= Test and County Cricket Board =

British sport governing body (1968–1996)

The Test and County Cricket Board (TCCB) was the governing body for Test and county cricket in Great Britain between 1968 and 1996. The TCCB was established in 1968 to replace the functions of the Board of Control for Test Matches (established in 1898) and the Advisory County Cricket Committee (1904) which had been set up by the Marylebone Cricket Club (MCC) to administer Test cricket in England and the County Championship respectively. In order to be eligible for government funding through the Sports Council, cricket needed an independent governing body and the representatives from the TCCB, together with representatives from MCC and the National Cricket Association (NCA), formed a new Cricket Council, initially known as the MCC Council. The TCCB assumed responsibility for all county cricket and the England team at home and abroad, although England touring teams continued under the name MCC until the 1976–77 season.
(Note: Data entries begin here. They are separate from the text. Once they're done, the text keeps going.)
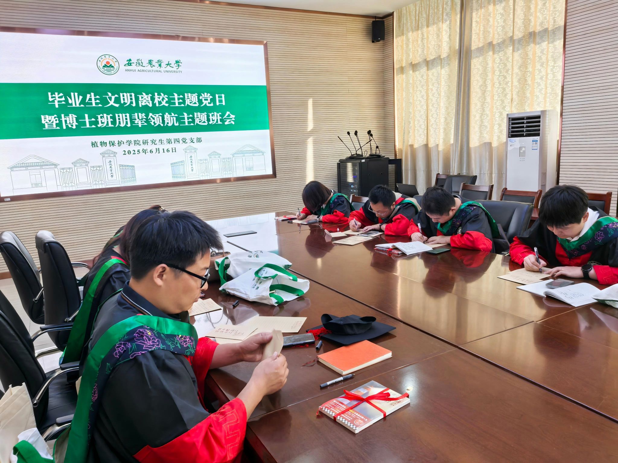 会议集体观看了学校毕业微视频《青春不散场》,共同学习了中共中央办公厅、国务院办公厅印发的《关于加快推动博士研究生教育高质量发展的意见》,为上半年过政治生日的学生党员赠送了贺卡,为全体毕业生赠送了朱光潜先生所著的《给青年的十二封信》书籍。会后,与会毕业生饮水思源、展望未来,认真撰写一封信,寄语2025级新生。(文图:邓孟晴 初审:邢文静 复审:汪小强 终审:刘柳)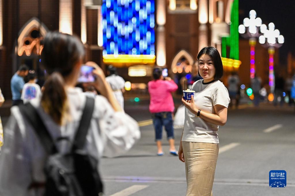 夜幕降臨,在新疆阿勒泰地區布爾津縣七彩河畔,3D全息投影技術(shù)水幕全息燈光秀表演吸引大批游客駐足觀(guān)看。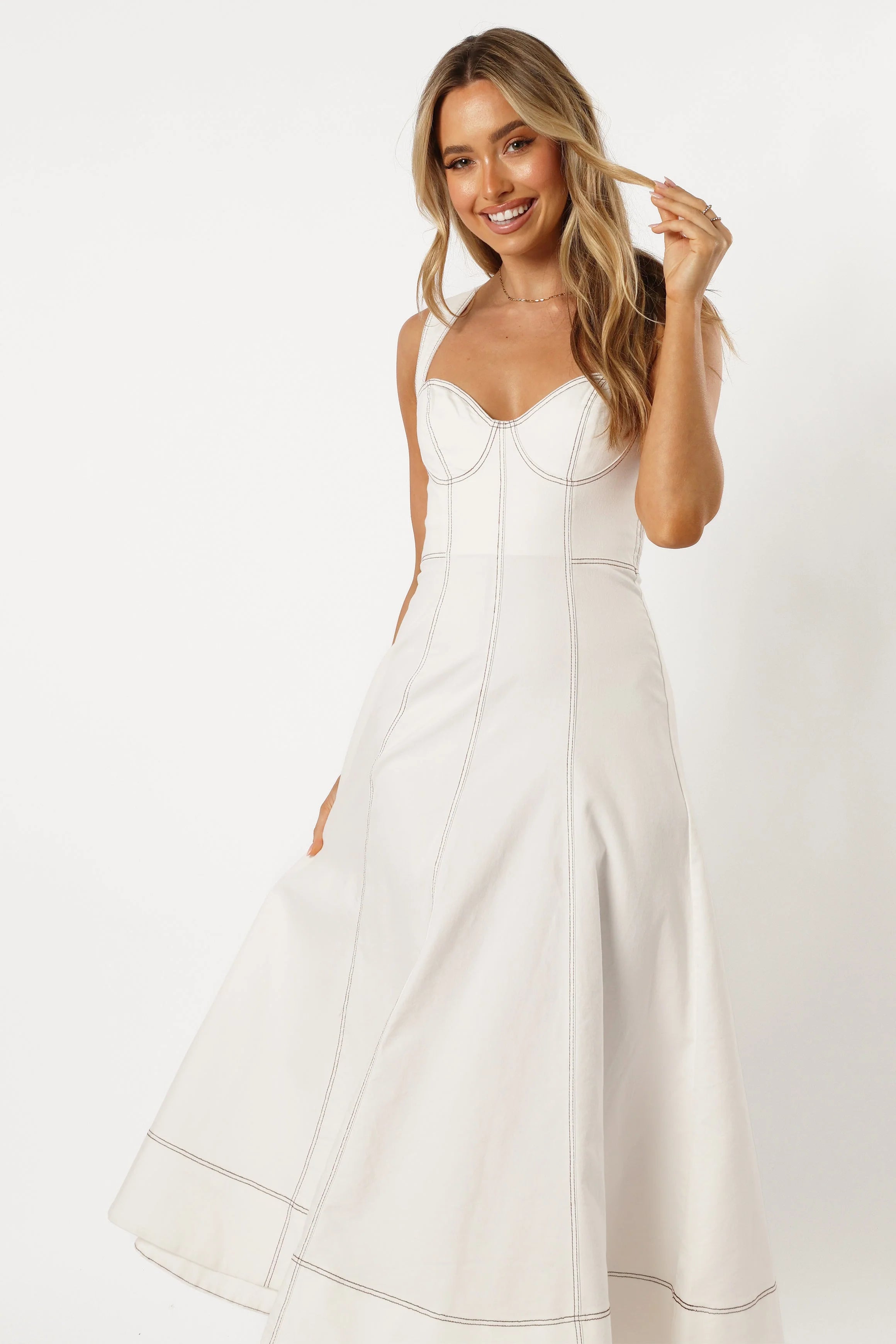 DETAILS This midi dress is the perfect addition to your spring wardrobe. The classic sweetheart neckline, adjustable straps and sleeveless design combine for a stylish yet comfortable look.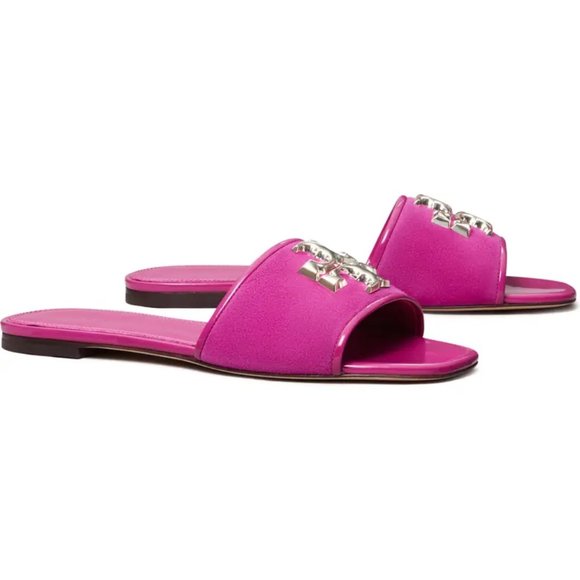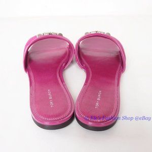 NIB Tory Burch Eleanor Leather Slide Fuchsia Hot Pink US 8 8.5 9 9.5 10 AUTHENTC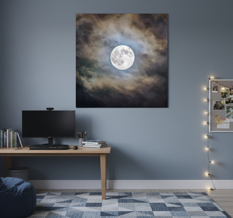 Reference: G785Transform your living space with our stunning Living room poster full moon night. This eye-catching design features a captivating full moon illuminating a serene night sky, beautifully contrasting against vibrant hues that evoke a sense of calm and wonder. Crafted with 180g/m2 grammage for an ideal poster experience, this piece boasts a semi-matt finish without reflections, ensuring high color intensity and clarity that enhances any room's atmosphere.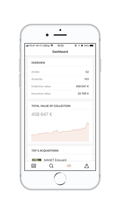 Arteïa App facilitates collection management by allowing collectors to easily access and update their art pieces, while monitoring the value of their collection via a financial dashboard.

In 1992 Scotland severed their ties with the TCCB and England. The TCCB, NCA and Cricket Council were in turn superseded from 1 January 1997 by the England and Wales Cricket Board.

==Officers==
Chairmen
- Cecil Paris 1968–1969
- Maurice Allom 1969–1970
- Cyril Hawker 1970–1971
- Cecil Paris 1971–1972
- Aidan Crawley 1972–1973
- Cecil Paris 1973–1975
- Doug Insole 1975–1978
- George Mann 1978–1983
- Charles Palmer 1983–1985
- Raman Subba Row 1985–1990
- Frank Chamberlain 1990–1994
- Dennis Silk 1994–1996

Secretaries
- Billy Griffith 1968–1974
- Donald Carr 1974–1986

Chief executives
- A C Smith 1987–1996
- Tim Lamb 1996–1997

==Representative teams==
A TCCB XI (in one case restricted to cricketers under 25) played five first-class matches between 1981 and 1996, all in England against touring sides. One was won, two drawn and two lost. The bulk of the TCCB side tended to be made up of English county players who were on the fringes of the England team proper.